Still watching the boy, he digs in the left side pocket of the trench coat and comes up with a black loupe, which he screws into his left eye. 'Don't you move now, okay? Don't want this gun to go off.

Fontaine picks up the watch, affords himself a quick squint through the loupe. 'Whistles in spite of himself. 'Jaeger LeCoultre. He unsquints, checking; the boy hasn't moved. Squints again, this time at the ordnance markings on the caseback. 'Royal Australian Air Force, 1953, he translates. 'Where'd you steal this?

Nothing.

'This is near mint. Fontaine feels, all at once, profoundly and unexpectedly lost. 'This a redial?

Nothing.

Fontaine squints through the loupe. 'All original?

Fontaine wants this watch.

He puts it down on the green pad, atop the worn symbol of a golden crown, noting that the black calf band is custom-made, handsewn around bars permanently fixed between the lugs. This work itself, which he takes to be either Italian or Austrian, may have cost more than some of the watches in his tray. The boy immediately picks it up.

Fontaine produces the tray. 'Look here. You want to trade? Gruen Curvex here. Tudor 'London, 1948; nice original dial. Vulcain Cricket here, gold head, very clean.

But already he knows that his conscience will never allow him to divest this lost soul of this watch, and the knowledge hurts him. Fontaine has been trying all his life to cultivate dishonesty, what his father called 'sharp practices, and he invariably fails.

The boy is leaning forward over the tray, Fontaine forgotten.

'Here, Fontaine says, sliding the tray aside and replacing it with his battered notebook. He opens it to the pages where he shops for watches. 'Just push this, then push this, it'll tell you what you're looking at. He demonstrates. A Jaeger with a silver face.

Fontaine presses the second key. 1945 Jaeger chronometer, stainless steel, original dial, engraving on case back, says the notebook.

'Case, the boys says. 'Back.

'This, Fontaine shows the boy the stainless back of a gold-filled Tissot tank. 'But with writing on, like 'Joe Blow, twenty-five years with Blowcorp, congratulations.

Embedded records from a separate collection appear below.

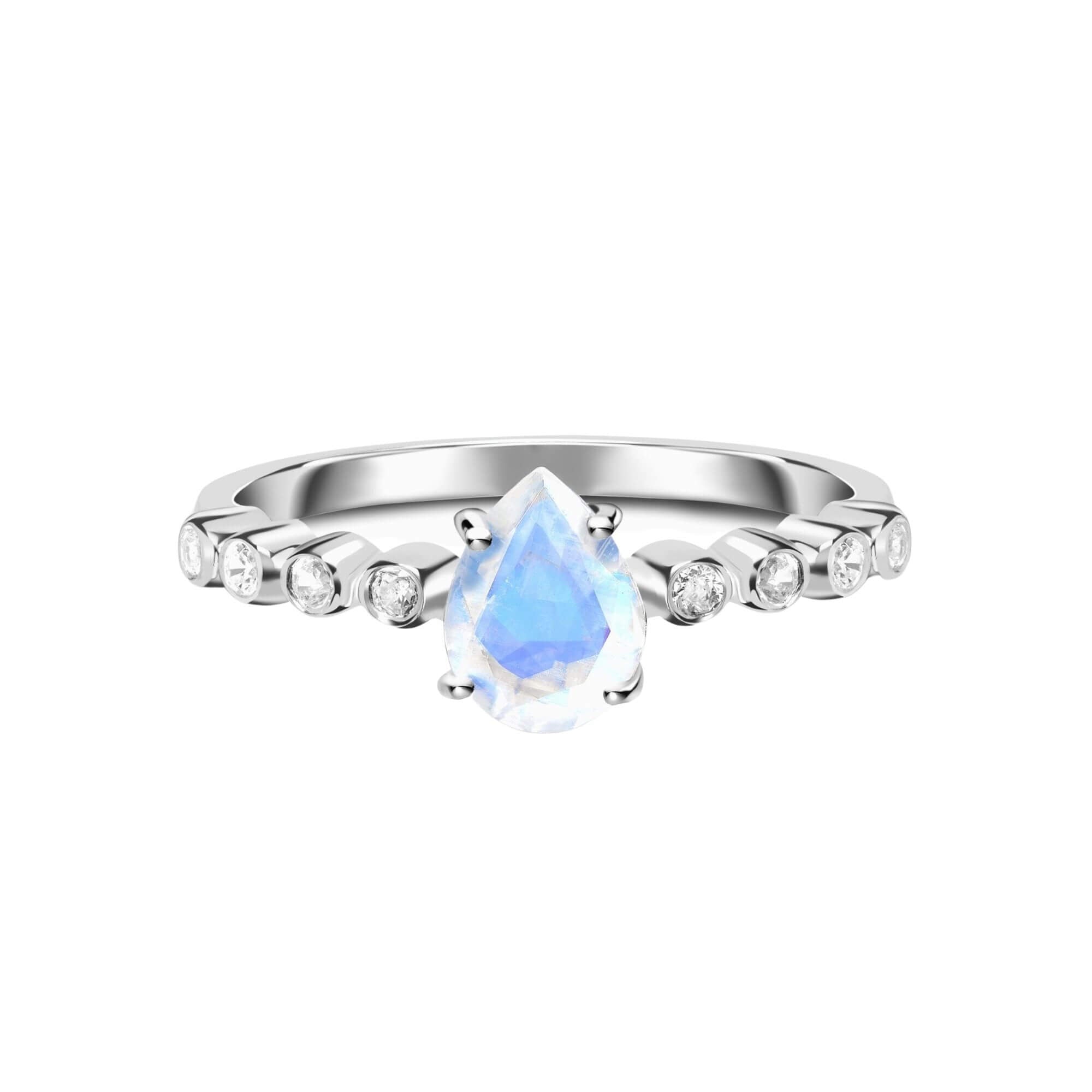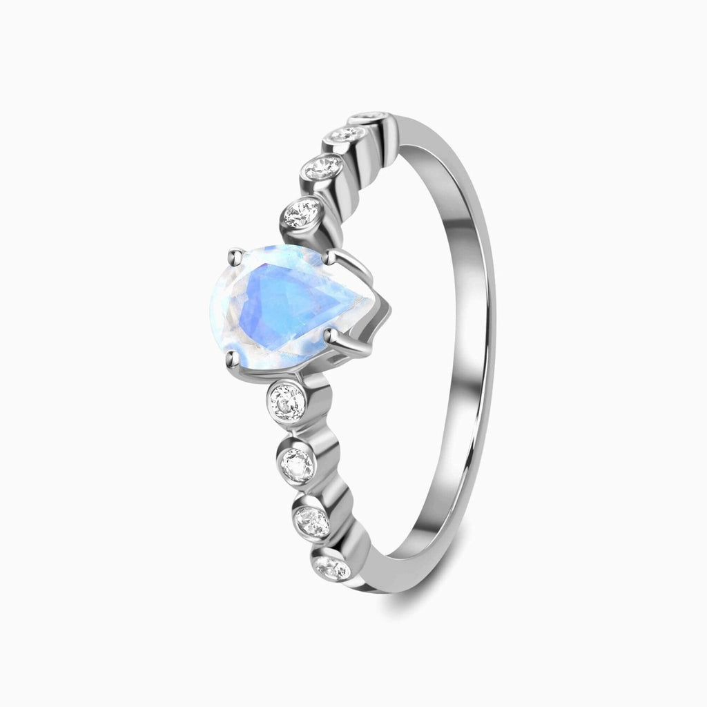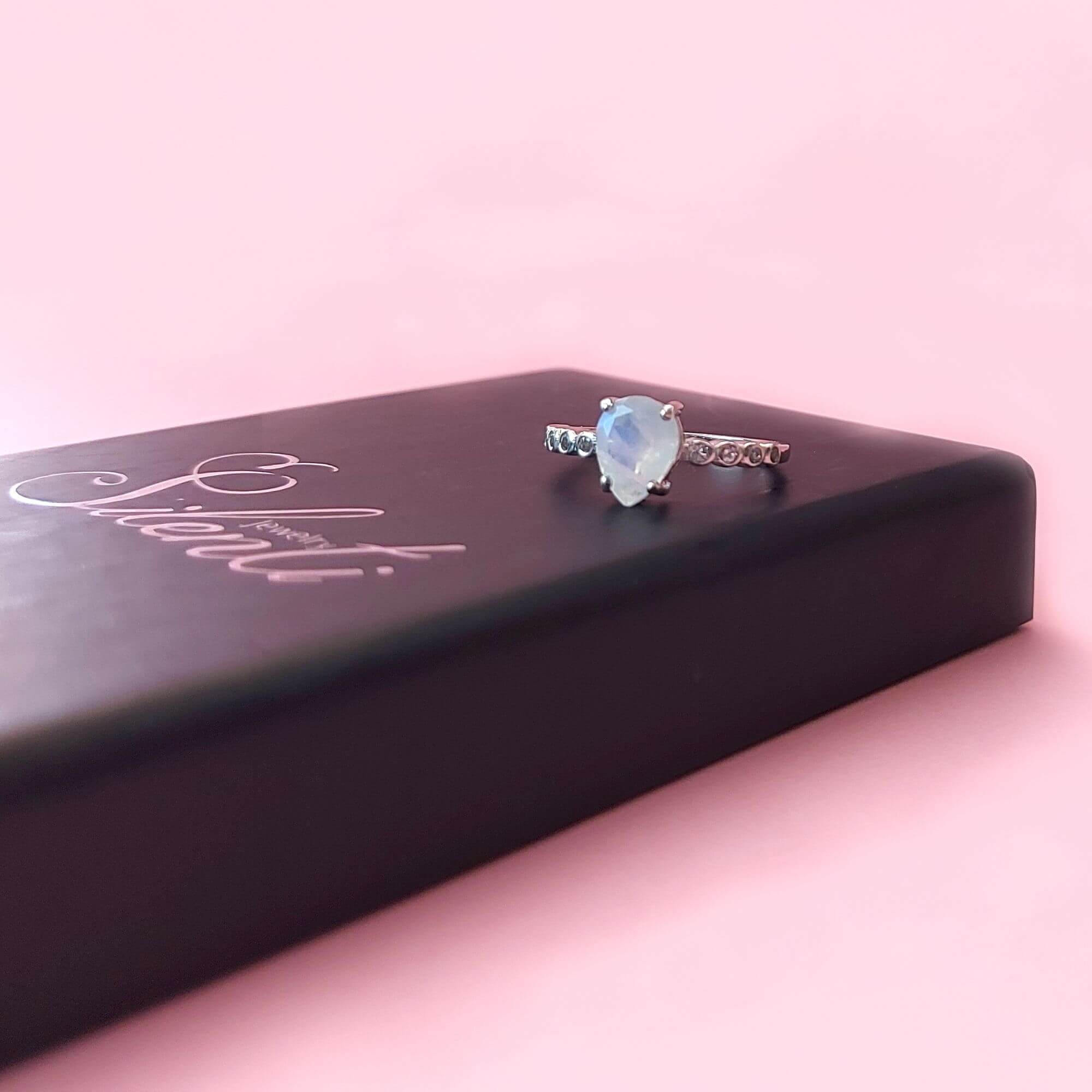 Sterling silver ring with a teardrop-shaped natural moonstone at the center, framed by white topaz stones on each side. The contrast between the irridescent colours of the moonstone and the clear sparkle of the topaz creates a calm, harmonious look.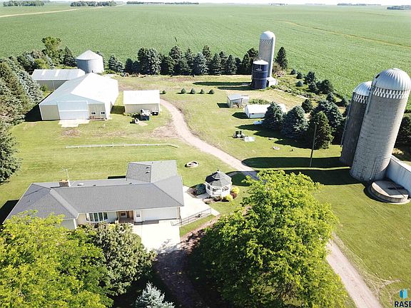 Acreage Alert! Welcome to this spacious ranch style home nestled on approximately 5.4 acres of peaceful Rock County land. This impressive property offers three main floor bedrooms, a dedicated office space, and generous living areas designed for comfort and functionality. The main floor also features an expansive addition, including a large laundry room and an extra bathroom. An additional laundry is in the lower level for added convenience. You'll love the abundance of cabinetry, closet space, and storage throughout the home. Downstairs, enjoy a kitchen or wet bar area, ideal for entertaining or extended living.The property truly shines with multiple outbuildings ideal for machinery, hobbies, or business needs. The largest shed measures 56' x 90', another is 50' x 45', with four additional outbuildings for versatile use. Ensuring continuous operation, this acreage has an automatic generator. Whether you're soaking in breathtaking sunrises and sunsets or enjoying the peaceful views of rolling prairie, this acreage offers the space, setting, and tranquility you've been waiting for.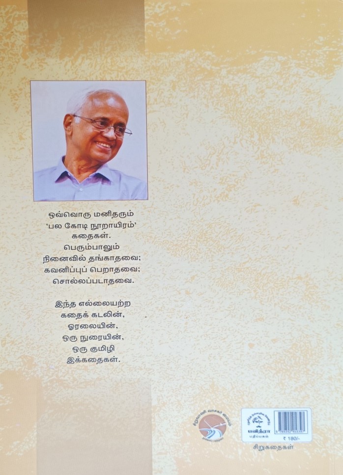 “ஒவ்வொரு மனிதரும் பல கோடி நூறாயிரம் கதைகள். பெரும்பாலும் நினைவில் தங்காதவை. கவனிப்புப் பெறாதவை. சொல்லப்படாதவை. இந்த எல்லையற்ற கதைக் கடலின் ஓரலையின், ஒரு நுரையின், ஒரு குமிழி இக்கதைகள்.”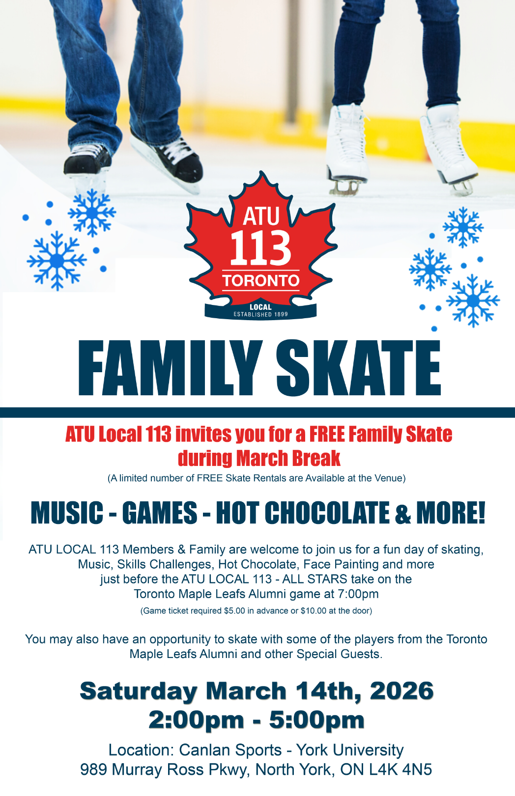 The Family Skate takes place just before the ATU Local 113 All-Stars face the Toronto Maple Leafs Alumni at 7:00 PM.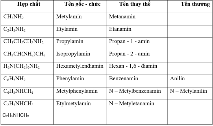 – Tên gọi thường chỉ áp dụng cho một số amin: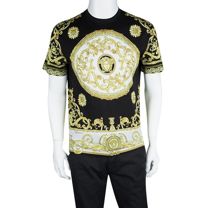 To make you look smart and on point with style, Versace brings you this black T-shirt that comes with a crew neck, short sleeves, and signature prints all over. You can team it with a pair of jeans and leather loafers.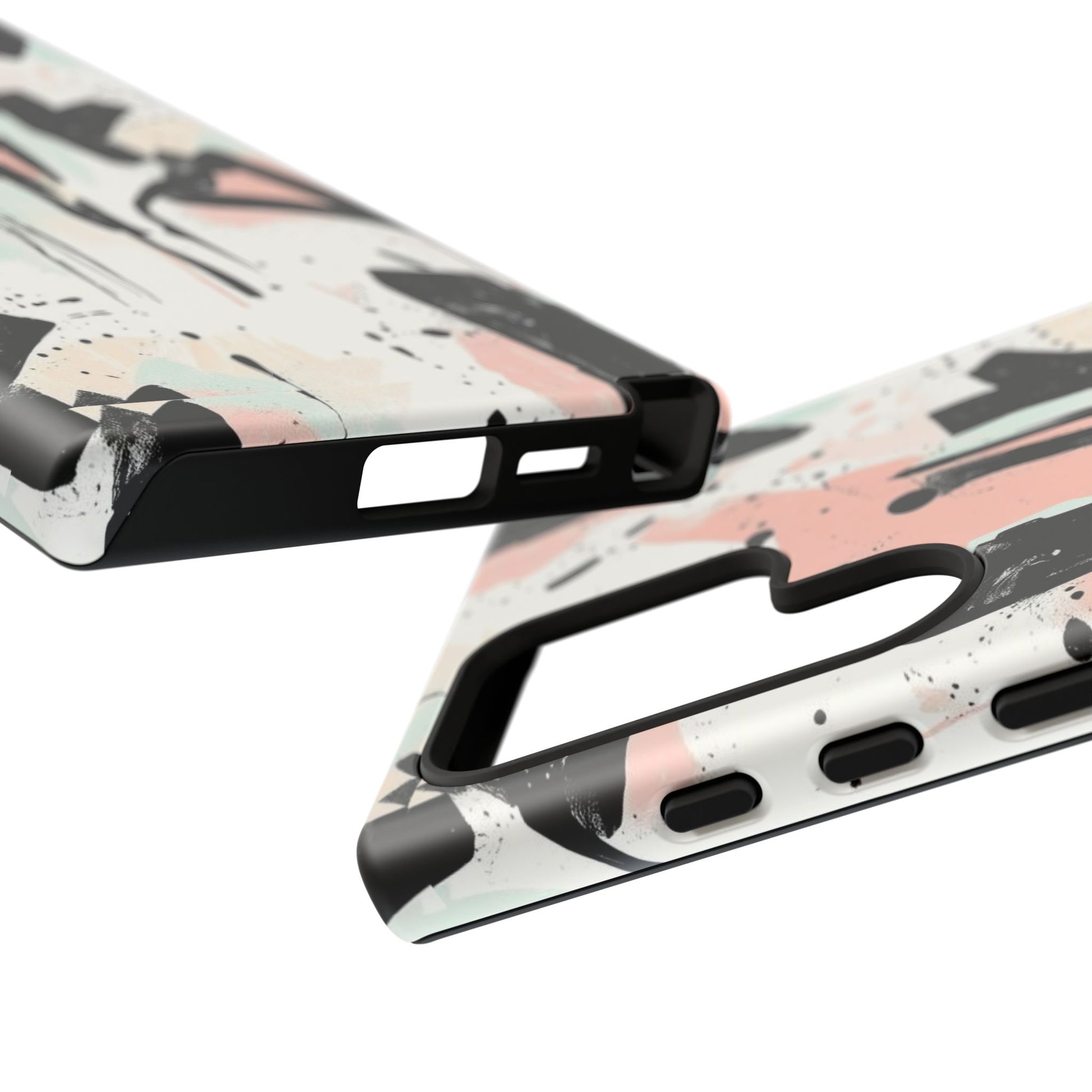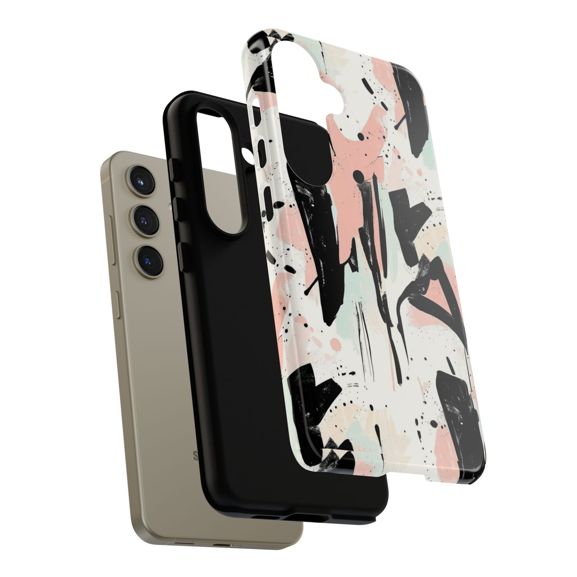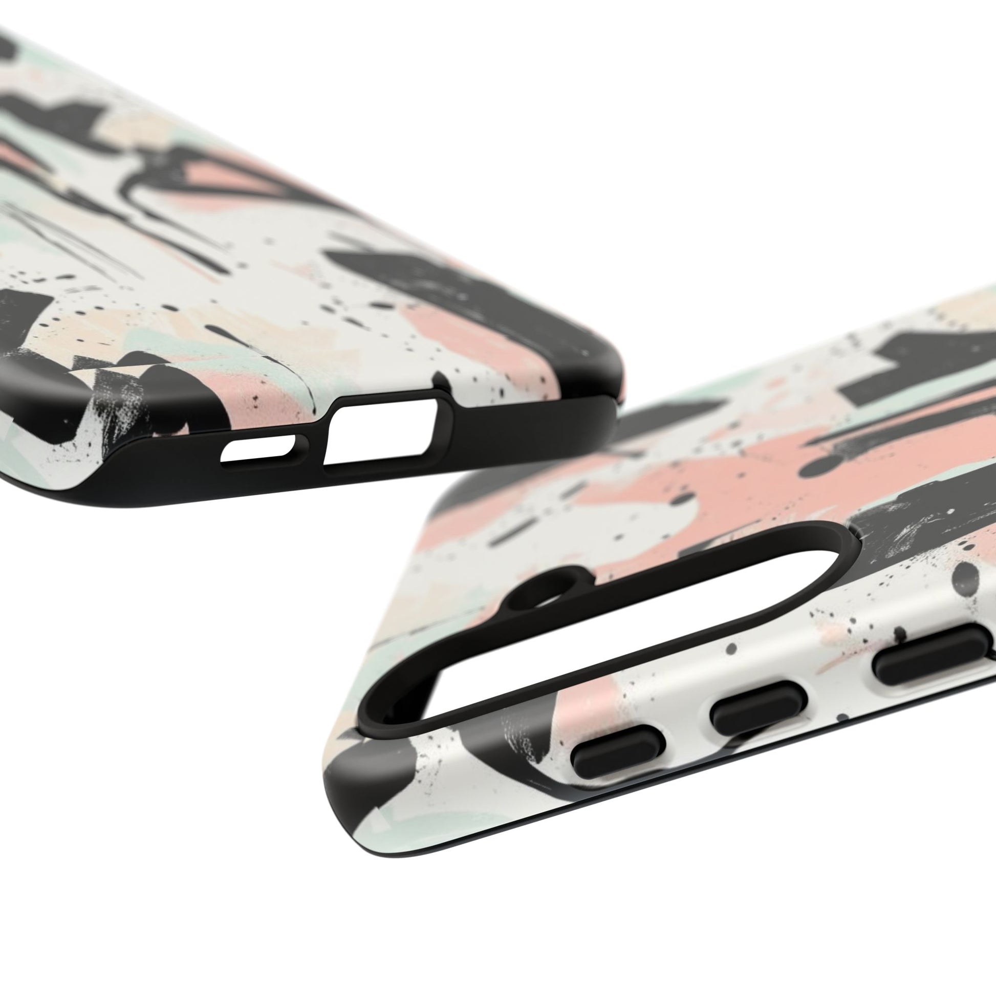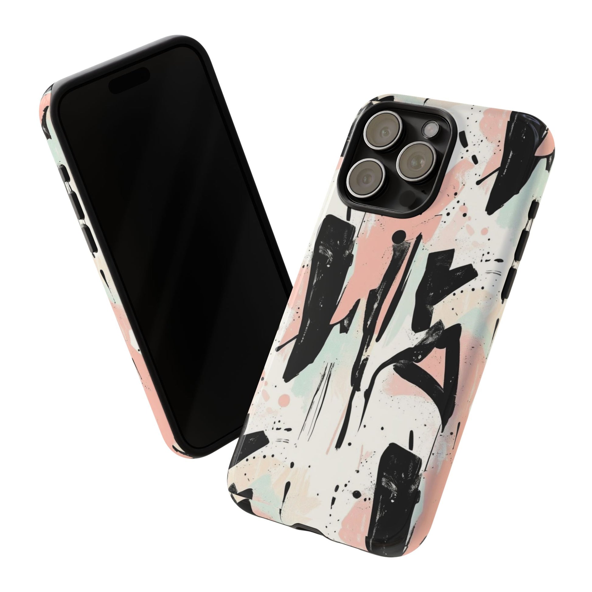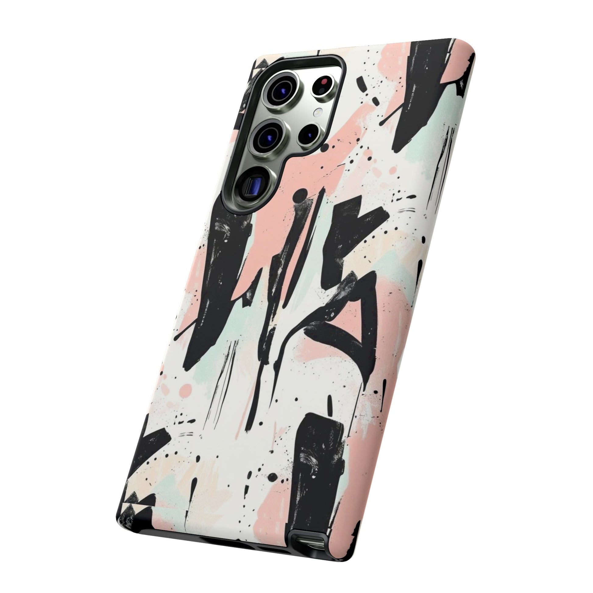 Where soft meets street. The Blush Rush Armor Case fuses abstract brushstroke chaos with a delicate pastel vibe. Featuring expressive black graffiti-style marks splashed across a creamy blush and soft mint background, this case adds artistic edge without overwhelming your aesthetic. Built to protect and designed to impress, it’s perfect for those who live boldly—even in subtle tones.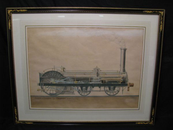 HAND COLORED ENGRAVING " CRAMPTON" LOCOMOTIVE
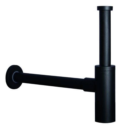 Syfon dekoracyjny czarny matowy do umywalki. Standardowe przyłączenie 5/4" pasuje do spustu typu klik lub tradycyjnego na ciągadło, średnica rury odpływowej 32mm. Syfony wykonany bardzo starannie, można go czyścić od spodu odkręcając tworzywowy korek. Zaletą jest długa rurka spustowa i duża możliwość regulacji w pionie(max 15 cm). Na innej mojej aukcji dostępny do kompletu uniwersalny klik-klak.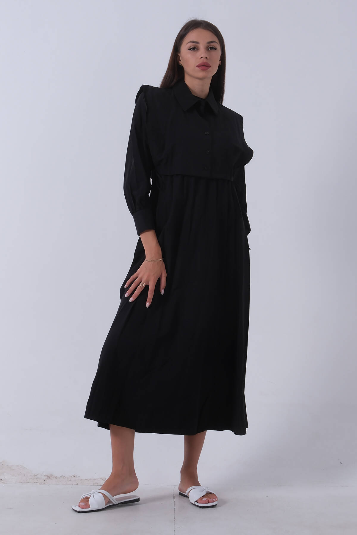 Siyah Üzeri Kendinden Gömlek Detaylı Tesettür Elbise 4593306.01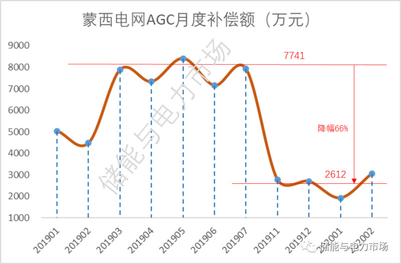 2019年11月,由于政策的微調(diào)和調(diào)度調(diào)用策略的調(diào)整,蒙西電網(wǎng)的AGC輔助服務(wù)突然降至2700萬,并持續(xù)保持在這一水平左右,近幾個月的補(bǔ)償平均值與2019年處于運(yùn)行高位時的各月份補(bǔ)償平均值相比,降幅高達(dá)66%。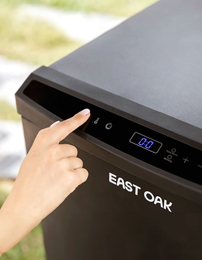 The East Oak Smoker brings the ease of use needed to create restaurant-quality smoked flavors right at home. With intuitive controls, precise temperature monitoring, and steady heat management, it takes the guesswork out of smoking.

The boy looks blank. Presses a key. Another watch appears on the screen. He presses the second key. 'A 1960 Vulcain jump-hour, chrome, brassing at lugs, dial very good.

''Very good, Fontaine advises. 'Not good enough. See these spots here? Indicating certain darker flecks scattered across the scan. 'If it were 'very fine, sure.

'Fine, says the boy, looking up at Fontaine. He presses the key that produces the image of another watch.

'Let me see that watch, okay? Fontaine points at the watch in the boy's hand. 'It's okay. I'll give it back.

The boy looks from the watch to Fontaine. Fontaine puts the Smith&Wesson away in its pocket. Shows the boy his empty hands.

'I'll give it back.

The boy extends his hand. Fontaine takes the watch.

'You gonna tell me where you got this?

Blank.

'You want a cup of coffee?

Fontaine gestures back, toward the simmering pot on the hotplate. Smells its bitter brew, thickening.

The boy understands.

He shakes his head.

Fontaine screws the loupe into his eye and settles into contemplation.

Damn. He wants this watch.

* * *

LATER in the day, when the bento boy brings Fontaine his lunch, the Jaeger LeCoultre military is in the pocket of Fontaine's gray tweed slacks, high-waisted and extravagantly pleated, but Fontaine knows that the watch is not his. The boy has been put in the back of the shop, in that cluttered little zone that divides Fontaine's business from his private life, and Fontaine has become aware of the fact that he can, yes, smell his visitor; under the morning's coffee smell a definite and insistent reek of old sweat and unwashed clothes.

As the bento boy exits to his box-stacked bicycle, Fontaine undoes the clips on his own box. Tempura today, not his favorite for bento, because it cools, but still he's hungry. Steam wafts from the bowl of miso as he unsnaps its plastic lid. He pauses.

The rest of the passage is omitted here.